### Data section
━━━━━━━━━━
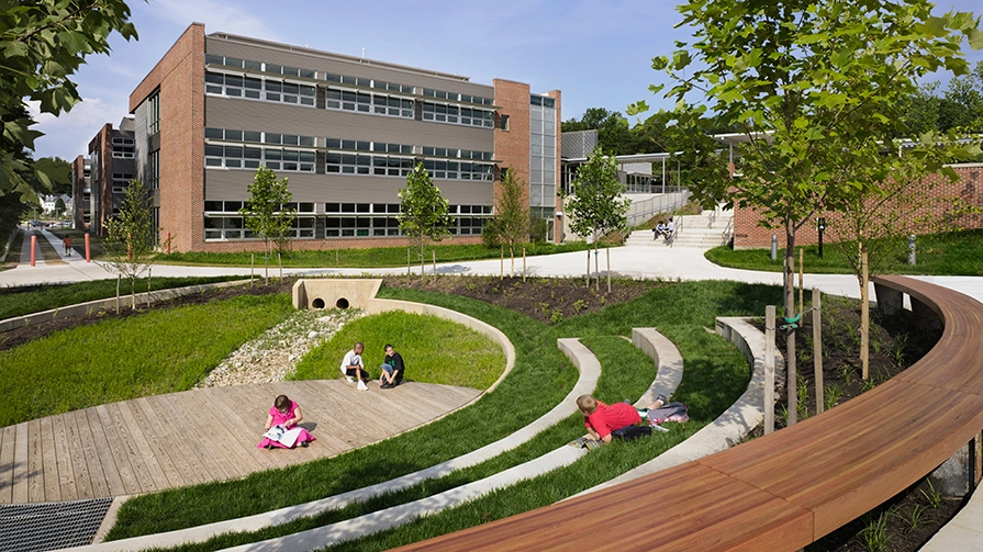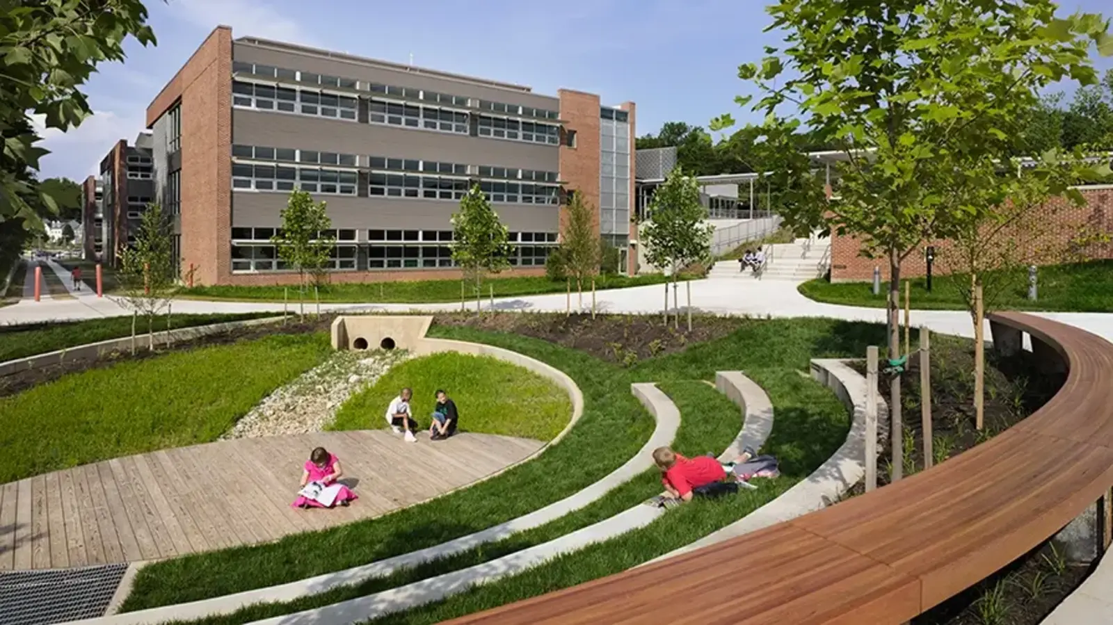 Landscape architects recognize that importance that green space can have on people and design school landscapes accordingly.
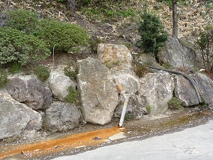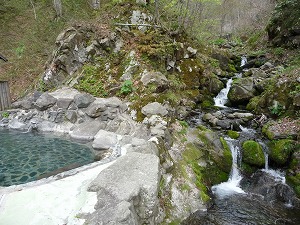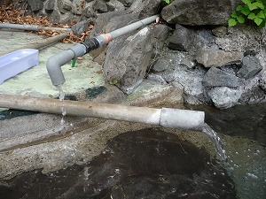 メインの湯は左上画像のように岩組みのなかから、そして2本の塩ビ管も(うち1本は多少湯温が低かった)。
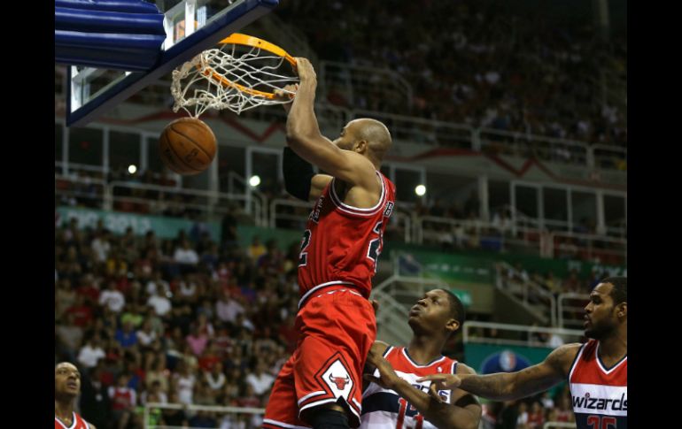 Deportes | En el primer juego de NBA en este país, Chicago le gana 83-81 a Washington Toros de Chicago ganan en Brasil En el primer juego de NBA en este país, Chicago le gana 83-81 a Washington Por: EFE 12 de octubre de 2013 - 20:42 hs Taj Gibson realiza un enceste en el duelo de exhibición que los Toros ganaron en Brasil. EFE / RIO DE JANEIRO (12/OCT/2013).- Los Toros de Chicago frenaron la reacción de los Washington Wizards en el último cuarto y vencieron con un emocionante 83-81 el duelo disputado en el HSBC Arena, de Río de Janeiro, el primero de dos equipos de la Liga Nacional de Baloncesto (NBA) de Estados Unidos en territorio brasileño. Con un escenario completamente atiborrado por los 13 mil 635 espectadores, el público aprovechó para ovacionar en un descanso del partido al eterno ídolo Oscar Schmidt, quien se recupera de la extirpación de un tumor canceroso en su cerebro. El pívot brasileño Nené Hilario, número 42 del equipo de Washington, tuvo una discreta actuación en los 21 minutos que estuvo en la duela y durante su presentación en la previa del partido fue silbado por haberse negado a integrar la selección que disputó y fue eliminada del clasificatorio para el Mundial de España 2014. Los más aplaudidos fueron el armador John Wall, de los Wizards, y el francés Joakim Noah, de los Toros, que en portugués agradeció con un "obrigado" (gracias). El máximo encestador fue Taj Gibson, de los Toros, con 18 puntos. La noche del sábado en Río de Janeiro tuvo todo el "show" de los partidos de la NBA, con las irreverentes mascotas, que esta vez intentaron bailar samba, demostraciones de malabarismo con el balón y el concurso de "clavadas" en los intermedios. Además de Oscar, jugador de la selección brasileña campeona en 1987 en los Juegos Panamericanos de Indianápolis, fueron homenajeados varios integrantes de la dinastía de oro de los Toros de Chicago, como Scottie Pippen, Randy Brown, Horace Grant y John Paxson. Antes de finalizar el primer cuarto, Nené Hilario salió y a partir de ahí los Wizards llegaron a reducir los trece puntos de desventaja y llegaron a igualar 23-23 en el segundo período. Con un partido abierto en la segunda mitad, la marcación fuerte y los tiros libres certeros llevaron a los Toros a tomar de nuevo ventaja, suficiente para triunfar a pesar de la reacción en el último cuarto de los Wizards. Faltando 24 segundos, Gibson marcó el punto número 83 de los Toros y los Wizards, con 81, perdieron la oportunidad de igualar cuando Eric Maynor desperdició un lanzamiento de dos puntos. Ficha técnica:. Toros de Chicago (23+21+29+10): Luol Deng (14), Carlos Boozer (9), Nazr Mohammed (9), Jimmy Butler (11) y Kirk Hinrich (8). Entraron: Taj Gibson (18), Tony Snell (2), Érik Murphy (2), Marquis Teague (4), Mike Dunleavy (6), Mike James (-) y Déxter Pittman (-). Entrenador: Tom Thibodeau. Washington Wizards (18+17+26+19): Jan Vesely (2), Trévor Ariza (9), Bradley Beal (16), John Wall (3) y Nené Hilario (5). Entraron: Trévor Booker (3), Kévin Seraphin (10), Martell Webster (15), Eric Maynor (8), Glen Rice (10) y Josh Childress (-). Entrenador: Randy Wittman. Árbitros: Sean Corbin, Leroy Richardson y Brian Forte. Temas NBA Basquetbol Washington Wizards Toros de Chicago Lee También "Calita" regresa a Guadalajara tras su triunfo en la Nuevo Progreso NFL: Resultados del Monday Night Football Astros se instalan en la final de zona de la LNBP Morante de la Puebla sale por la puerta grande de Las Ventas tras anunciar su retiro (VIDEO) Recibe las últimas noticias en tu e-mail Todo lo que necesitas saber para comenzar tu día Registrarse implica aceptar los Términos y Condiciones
━━━━━━━━━━
### Work task
Give back the full listing above word for word, and let no picture through.

### Answer
 Landscape architects recognize that importance that green space can have on people and design school landscapes accordingly.
 メインの湯は左上画像のように岩組みのなかから、そして2本の塩ビ管も(うち1本は多少湯温が低かった)。
 Deportes | En el primer juego de NBA en este país, Chicago le gana 83-81 a Washington Toros de Chicago ganan en Brasil En el primer juego de NBA en este país, Chicago le gana 83-81 a Washington Por: EFE 12 de octubre de 2013 - 20:42 hs Taj Gibson realiza un enceste en el duelo de exhibición que los Toros ganaron en Brasil. EFE / RIO DE JANEIRO (12/OCT/2013).- Los Toros de Chicago frenaron la reacción de los Washington Wizards en el último cuarto y vencieron con un emocionante 83-81 el duelo disputado en el HSBC Arena, de Río de Janeiro, el primero de dos equipos de la Liga Nacional de Baloncesto (NBA) de Estados Unidos en territorio brasileño. Con un escenario completamente atiborrado por los 13 mil 635 espectadores, el público aprovechó para ovacionar en un descanso del partido al eterno ídolo Oscar Schmidt, quien se recupera de la extirpación de un tumor canceroso en su cerebro. El pívot brasileño Nené Hilario, número 42 del equipo de Washington, tuvo una discreta actuación en los 21 minutos que estuvo en la duela y durante su presentación en la previa del partido fue silbado por haberse negado a integrar la selección que disputó y fue eliminada del clasificatorio para el Mundial de España 2014. Los más aplaudidos fueron el armador John Wall, de los Wizards, y el francés Joakim Noah, de los Toros, que en portugués agradeció con un "obrigado" (gracias). El máximo encestador fue Taj Gibson, de los Toros, con 18 puntos. La noche del sábado en Río de Janeiro tuvo todo el "show" de los partidos de la NBA, con las irreverentes mascotas, que esta vez intentaron bailar samba, demostraciones de malabarismo con el balón y el concurso de "clavadas" en los intermedios. Además de Oscar, jugador de la selección brasileña campeona en 1987 en los Juegos Panamericanos de Indianápolis, fueron homenajeados varios integrantes de la dinastía de oro de los Toros de Chicago, como Scottie Pippen, Randy Brown, Horace Grant y John Paxson. Antes de finalizar el primer cuarto, Nené Hilario salió y a partir de ahí los Wizards llegaron a reducir los trece puntos de desventaja y llegaron a igualar 23-23 en el segundo período. Con un partido abierto en la segunda mitad, la marcación fuerte y los tiros libres certeros llevaron a los Toros a tomar de nuevo ventaja, suficiente para triunfar a pesar de la reacción en el último cuarto de los Wizards. Faltando 24 segundos, Gibson marcó el punto número 83 de los Toros y los Wizards, con 81, perdieron la oportunidad de igualar cuando Eric Maynor desperdició un lanzamiento de dos puntos. Ficha técnica:. Toros de Chicago (23+21+29+10): Luol Deng (14), Carlos Boozer (9), Nazr Mohammed (9), Jimmy Butler (11) y Kirk Hinrich (8). Entraron: Taj Gibson (18), Tony Snell (2), Érik Murphy (2), Marquis Teague (4), Mike Dunleavy (6), Mike James (-) y Déxter Pittman (-). Entrenador: Tom Thibodeau. Washington Wizards (18+17+26+19): Jan Vesely (2), Trévor Ariza (9), Bradley Beal (16), John Wall (3) y Nené Hilario (5). Entraron: Trévor Booker (3), Kévin Seraphin (10), Martell Webster (15), Eric Maynor (8), Glen Rice (10) y Josh Childress (-). Entrenador: Randy Wittman. Árbitros: Sean Corbin, Leroy Richardson y Brian Forte. Temas NBA Basquetbol Washington Wizards Toros de Chicago Lee También "Calita" regresa a Guadalajara tras su triunfo en la Nuevo Progreso NFL: Resultados del Monday Night Football Astros se instalan en la final de zona de la LNBP Morante de la Puebla sale por la puerta grande de Las Ventas tras anunciar su retiro (VIDEO) Recibe las últimas noticias en tu e-mail Todo lo que necesitas saber para comenzar tu día Registrarse implica aceptar los Términos y Condiciones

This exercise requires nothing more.